Зал замер – на кого-то шикнули, кого-то успокоили тычком под ребра, кто-то сник под грозным взглядом Перфильева.

– Над Ата-Армут – горы, а в горах – чудный лэйк… то-есть озеро энд источник, – сообщил Каргин, приятно улыбаясь журналистам. – Раньше быть санаторий и все о'кей, нау – насинг… ничего хорошего. Мы строить там отель, мени отель, вкладывать мени инвестиций, вери мени мани в девелопмент… в развитие… Но главный айдиа – стоун! Большой скала Ак-Пчак у самого лэйк. Мы нанимать бест скульптор энд ученый, скульптор делать из Ак-Пчак джайнт монумент великий туран-баша. Ученый делать надпись: Отец Народа, сохранить тебя аллах! Делать мени надпись, на всех язык, какие есть, начиная с самый древний, египетский, с помощью иероглиф.

При гробовом молчании зала поднялся журналист «Аргументов и фактов».

– Вы это серьезно, мистер Керк?

– Абсолютли. Мы уже нанять один такой ученый, бест египетский спешиалист из юнивесити оф Санкт-Петербург. – Каргин дернул за рукав стоявшего рядом Каня, и прошептал: – Кого мы там наняли? Ну, живо!

– Лучший – Андрей Георгиевич Сущевский, доцент с кафедры восточных языков, египтолог, – прошептал Максим, бледнея. – Я у него учился.

– Мой переводчик подсказать: мы нанимать профессор Андре Сущевский, – уточнил Каргин. – Хотите проверить? Плиз, есть телефон! Профессор трудиться интенсивно, осталось сделать перевод на иероглиф последний слово: аллах на древний египетский.

Журналист «Аргументов и фактов» покрутил пальцем у виска и сел. Зато тут же поднялся Бак Флетчер. Его щекастое лицо порозовело и походило сейчас на попку любовно отшлепанного младенца.

– Мой дорогой мистер Керк! Мы, разумеется, съедим и выпьем все, что вы нам приготовили… – Флетчер выдержал многозначительную паузу и кивнул на двери, – в том, банкетном зале, а не в этом. От пищи, поднесенной здесь, сводит челюсти. Боюсь, что нам ее не прожевать, а если кто-то прожует и съест, то кроме поноса на четверть газетной полосы ждать вам нечего. Вы совершенно серьезно утверждаете, что…

– Я все утверждаю серьезно! – повысив голос и перейдя на английский, произнес Каргин. – Повторяю: ХАК пришла сюда, чтобы делать бизнес, а мы свое дело знаем! Может быть, вам неизвестно, что такое ХАК, мистер Флетчер? Сейчас покажем! – Он повелительно кивнул Гальперину, и тот, склонившись над компьютером, запустил рекламную дискету. На экране появился герб корпорации: белоголовый орлан, сжимающий в когтистых лапах револьверы, и надпись: «Кольт создал Соединенные Штаты».

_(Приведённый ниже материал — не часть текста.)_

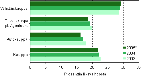 Kaupan liikevaihto kohosi vuonna 2005 Tilastokeskuksen ennakkotietojen mukaan 101,3 miljardiin euroon, kasvua edellisestä vuodesta oli 5,8 prosenttia. Kaupan liikevaihdon 5,6 miljardin euron kasvusta puolet tuli tukkukaupasta. Tukkukauppa keräsi liikevaihtoa 52,5 miljardia ja vähittäiskauppa 28,4 miljardia euroa. Autokauppa kasvoi edellisvuoden tapaan voimakkaasti. Liikevaihtoa autokaupat keräsivät 19,1 miljardia euroa, kasvuprosentin ollessa 8,2.

– Я в курсе, что такое «Халлоран Арминг Корпорейшн»! – выкрикнул Флетчер, размахивая сигарой. – Не стоит ломать комедию, Керк! Ставлю таньга против сотни баксов, что знаю об этом получше вас!

– Вы в курсе, но другие, возможно, нет, – парировал Каргин. – Им полезно увидеть своими глазами достижения моей корпорации. Мистер Флинт, напомните, какой у нас годовой оборот?

– Шесть миллиардов долларов, сэр! – рявкнул Флинт. – Мы производим все, от сапог, пуговиц и сержантских нашивок до «Стеллсов» и термоядерных бомб! В том числе – компот и презервативы для наших славных воинов.

На экране возник Халлоран-таун, штаб-квартира корпорации под Сан-Франциско: зеленоватые административные корпуса, похожие на огромные аквариумы, поселок с прятавшимися в тени деревьев виллами, а над ним – высокое изящное здание в испанском стиле, президентская резиденция «Эстада». Вслед за этими картинами явились широкие приземистые ангары и демонстрационный полигон; ворота в крайнем строении распахнулись, и из них нескончаемой чередой начали выезжать танки. Новые кадры: завод в Иллинойсе, завод в Огайо, завод в Канаде, верфи в Мексике и Австралии, фабрика взрывчатых веществ в Японии, авиастроительные предприятия…

– Мы сотрудничаем со многими международными компаниями, – пояснил Каргин. – «Боинг», «Кольтс индастриз», «Сумимото Арсенал»… Собственно, они принадлежат нам, в одних случаях на треть или на четверть, а в других – практически полностью.

Максим перевел. Впрочем, большинству журналистов английский был понятен.

Вспыхнули новые кадры: угловатый авианосец с истребителями на взлетной палубе, атомная субмарина, танковый батальон в африканской саванне, вертолеты над джунглями, исторгающие напалм, снова вертолеты – с командой десантников в зеленых беретах, боевые пловцы, буксирующие мину, звено бомбардировщиков, лица солдат, европейцев, африканцев, азиатов, под касками всех форм и размеров.

– Мы вооружаем армии пятидесяти семи стран, – прокомментировал Каргин. – Разумеется, в первую очередь военные силы США и Европейского Содружества, куда, как мы надеемся, вступит и Россия. Для этих партнеров и союзников готовятся новые разработки, интеллектуальные боевые системы и высокоточное оружие. Вот, например…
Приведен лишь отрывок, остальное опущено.